Dispersion "bonds": a new example with an ultra-short H…H distance.

Monday, June 26th, 2017

About 18 months ago, there was much discussion on this blog about a system reported by Bob Pascal and co-workers containing a short H…H contact of ~1.5Å[1]. In this system, the hydrogens were both attached to Si as Si-H…H-Si and compressed together by rings. Now a new report[2] and commented upon by Steve Bachrach, claims a similar distance for hydrogens attached to carbon, i.e. C-H…H-C, but without the ring compression.

This new example is the structure of an C3-symmetric all-meta tBu-triphenylmethane R-H…H-R dimer determined by neutron diffraction (DOI: 10.5517/ccdc.csd.cc1nc1bd) and the close interaction is achieved purely by attractions due to dispersion forces accumulating in the remainder of the molecules. This study also reports a diverse set of computed properties for this new system, but one property reported as part of the previous discussion was not presented, the 1JH-H coupling constant. I have computed it here in the hope that it might be possible to measure by some means, perhaps in the solid state?

The chemical shift of the R3CH proton is measured as a singlet at ~7.35 ppm (in deuterated benzene, Figure S6, SI). 

The value calculated using B3LYP/Def2-TZVPP (gas phase) is 7.39 and 7.69 ppm (averaged to 7.54 for a rapidly exchanging environment). The 1J coupling is calculated as 4.3 Hz at the B3LYP/Def2-TZVPP level, DOI: 10.14469/hpc/2699. The designation 1J is normally taken as a 1-bond pathway for the coupling. In this example, the designation of the H-H region as a “bond” is the interesting discussion point!
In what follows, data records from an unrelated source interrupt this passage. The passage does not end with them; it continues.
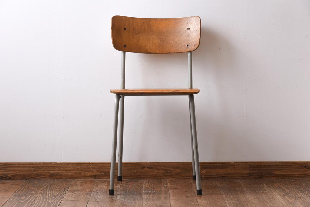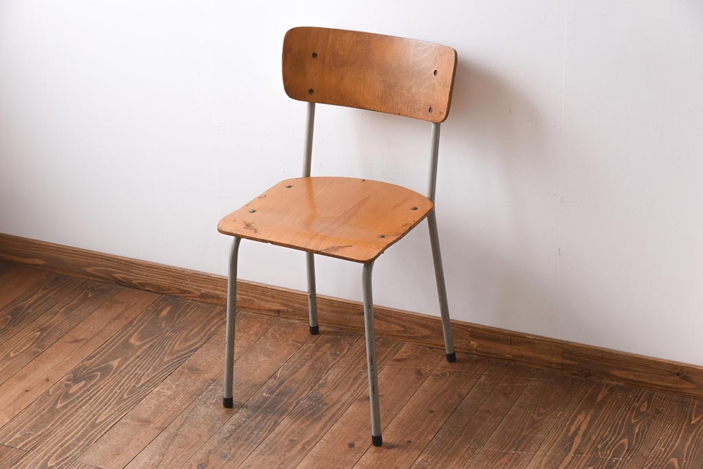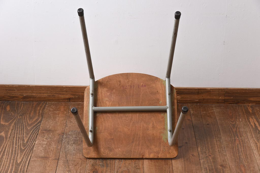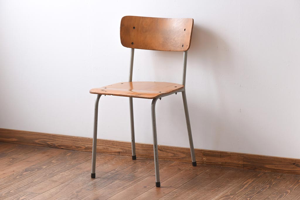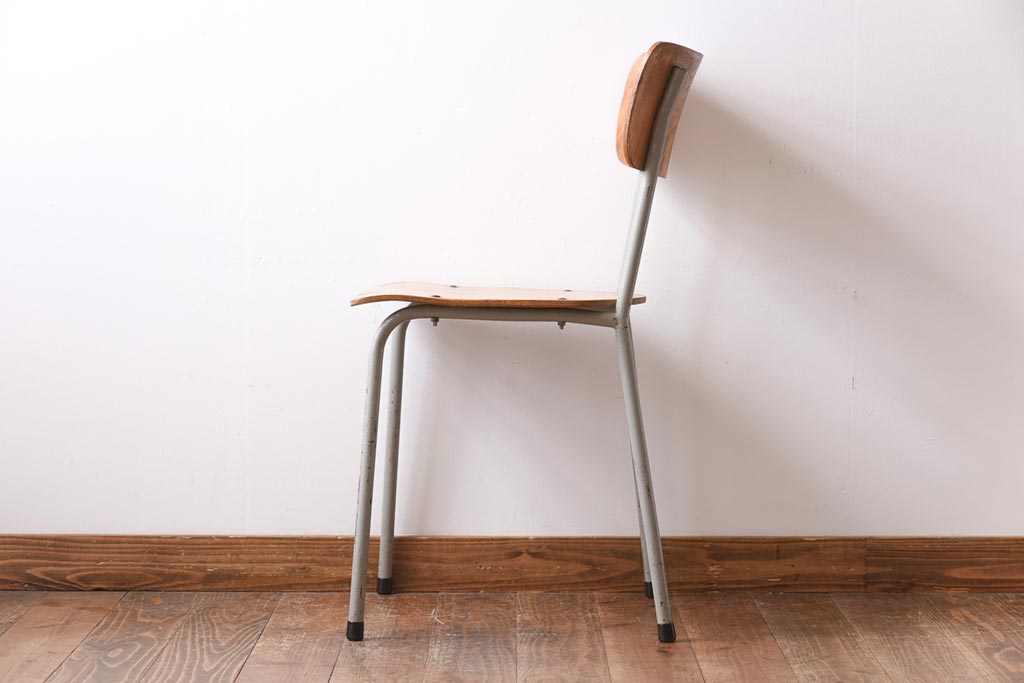 イギリスビンテージ 古い木と鉄脚がレトロなスクールチェア(ワークチェア)(3)です。
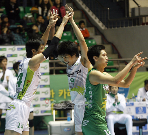 28일 장충체육관에서 열린 2009-2010 V리그 우리캐피탈과 대한항공의 경기에서 우리캐피탈이 공격에 성공한후 김현수(왼쪽)와 강영준이 기뻐하고 있다.
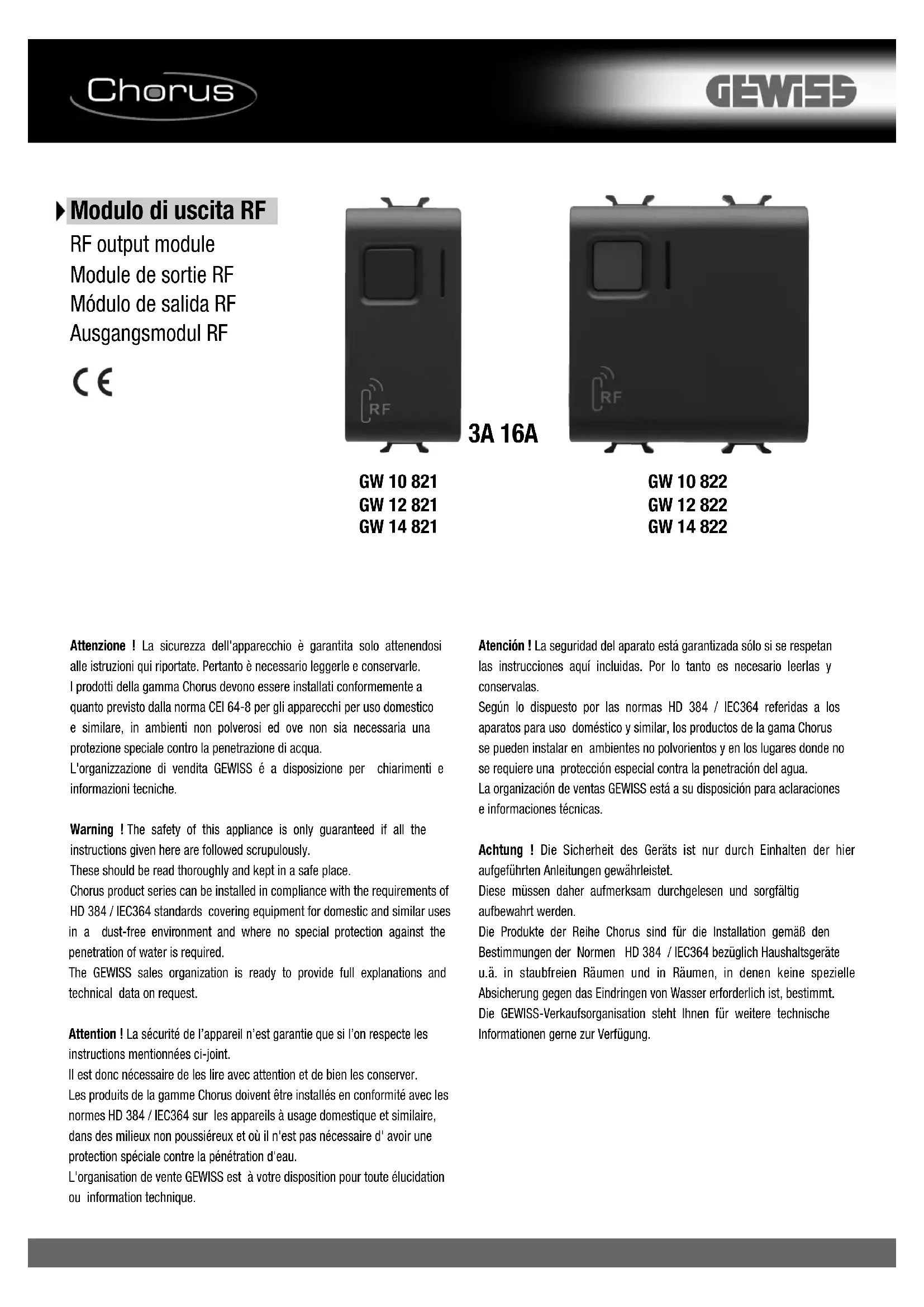 Retrouvez gratuitement la notice de l'appareil GW14821 Gewiss au format PDF.
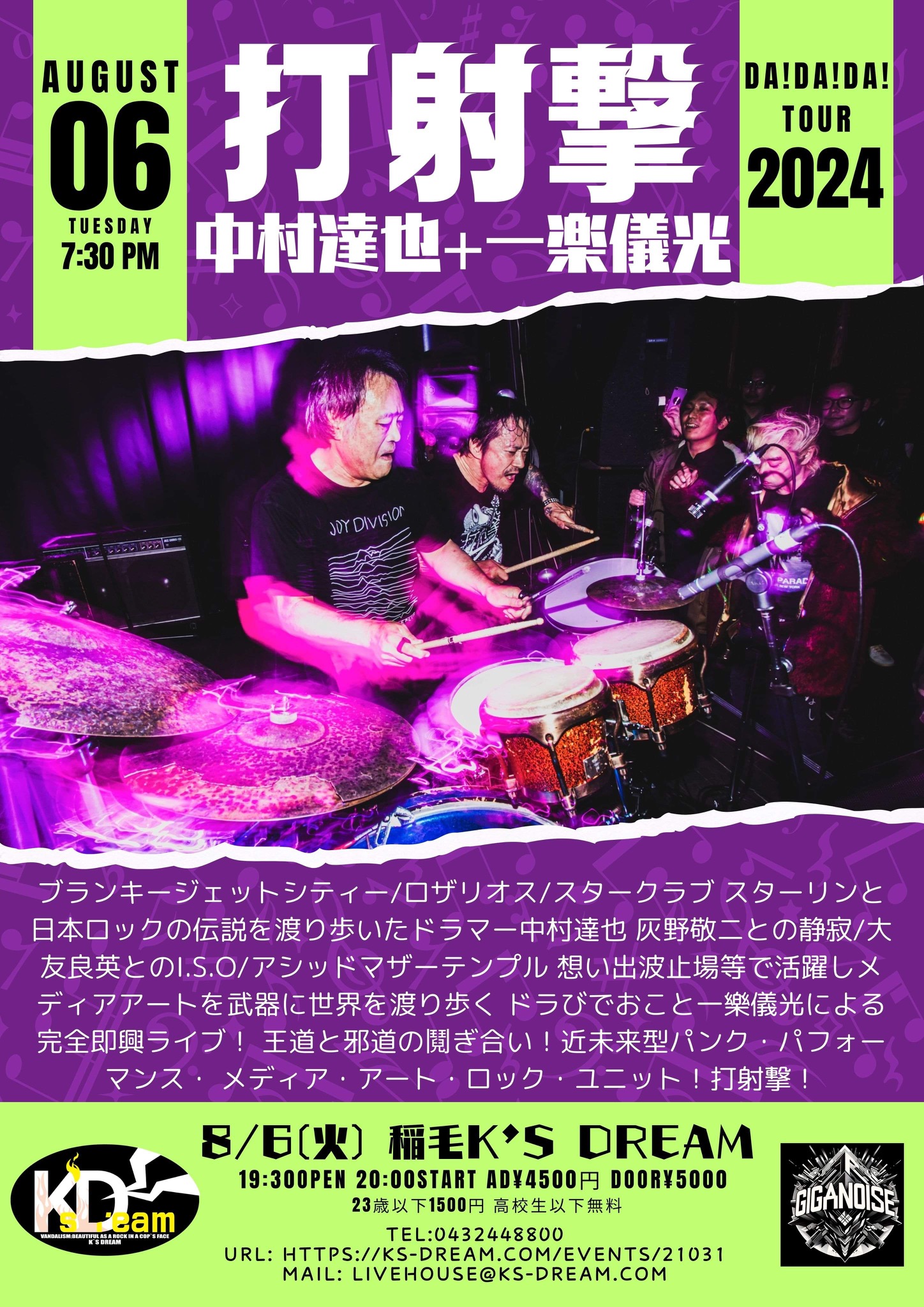 ブランキージェットシティー/ロザリオス/スタークラブ/スターリンと日本ロックの伝説を渡り歩いたドラマー「中村達也」と、灰野敬二との静寂、大友良英とのI.S.O、アシッドマザーテンプル等で活躍しメディアアートを武器に世界を渡り歩くドラびでおこと「一樂儀光」による完全即興ライブが遂に!予測不能の大爆裂DUO!
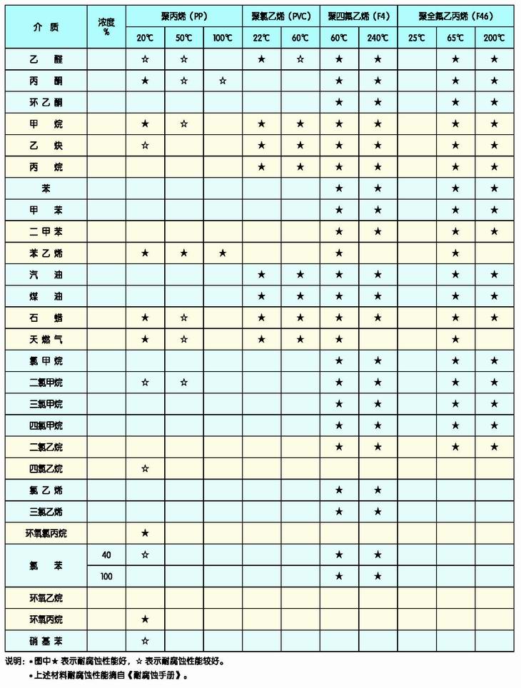 c. 耐腐蝕性能:除發(fā)煙硫酸、濃熱硫酸、硝酸等強氧化劑和90℃以下的酮、酯、胺類(lèi)以及高溫磺化劑外,能耐大多數有機酸及無(wú)機酸、氧化介質(zhì)、脂肪族的碳化物,醇類(lèi)和鹵素溶液的腐蝕。
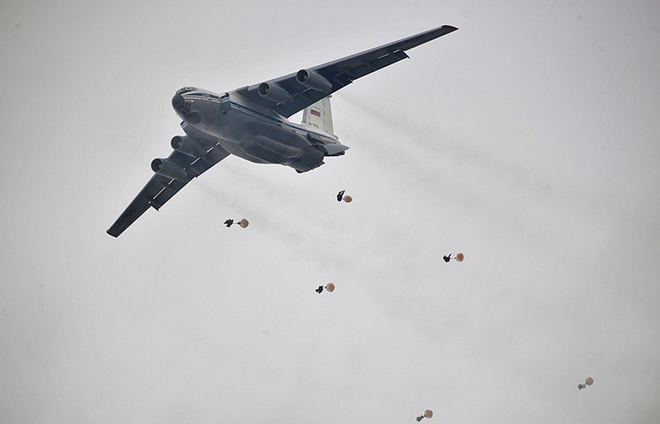 | Lính dù Nga nhảy ra khỏi một chiếc vận tải cơ Il-76. Ảnh: TASS |
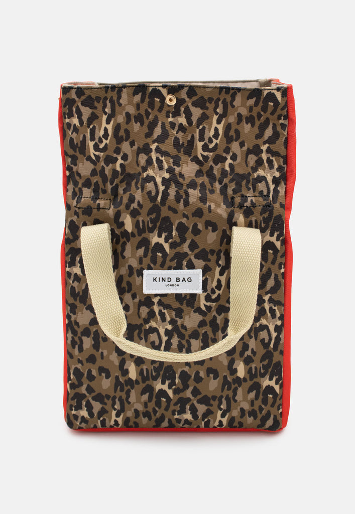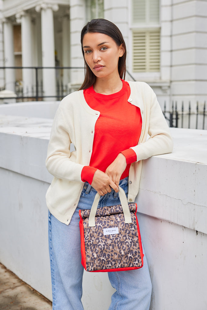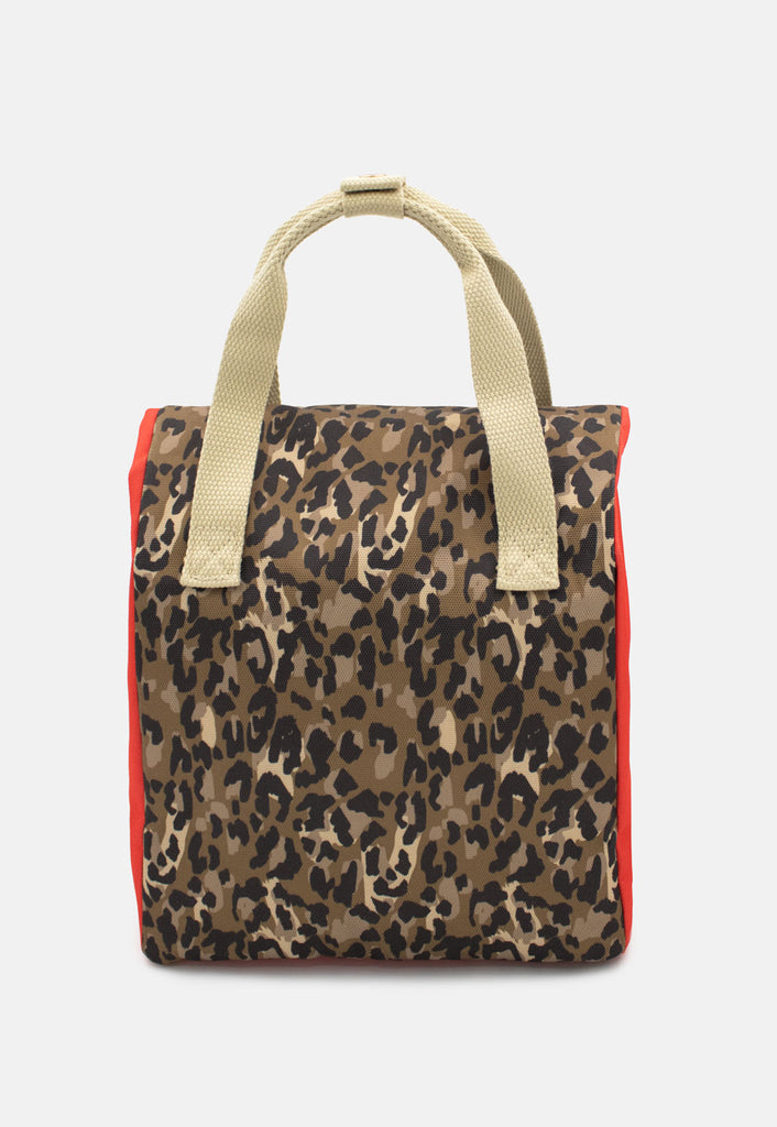 Our Leopard print Lunch Bag makes lunchtime more enjoyable with its stylish design and practical features. Made from 100% recycled materials, it is water-resistant, machine washable, and features multiple pockets for organisation. The magnetic roll top and snap-together handles ensure your lunch stays secure, whether you're heading to work, school, or a picnic.

I end by noting here my observation that although the neutron diffraction study of ammonium tetraphenylborate shows the  N-H protons as pointing directly towards the centroid of phenyl groups, the original observation[3] was made that “even at 20 K the ammonium ion performs large amplitude motions which allow the N-H vectors to sample the entire face of the aromatic system”.  The equivalent thermal motion for the triphenylmethane system here would have the  C-H vectors orbiting around each other in a manner that increases the H-H separation, but which averages out to them pointing directly towards one another?  The calculated normal coordinate analysis of this system is not available from the article SI, so the ease of  C-C-H bending to achieve such motion is difficult to ascertain. Perhaps trying to detect the 1J coupling might illuminate whether this happens?

Postscript. Prof Schreiner has indicated that that the methine assignment is 5.79 ppm (b below) and not 7.35 as marked with a diamond in the S6 figure caption (a below). This is of course measured in d6-benzene solution and applies to the monomer, not presumably the dimer. The calculated value of 7.54 ppm as reported above applies specifically to the dimer, which suggests a significant shift of ~2ppm upon dimer formation. It would be interesting to verify this prediction via a solid-state measurement.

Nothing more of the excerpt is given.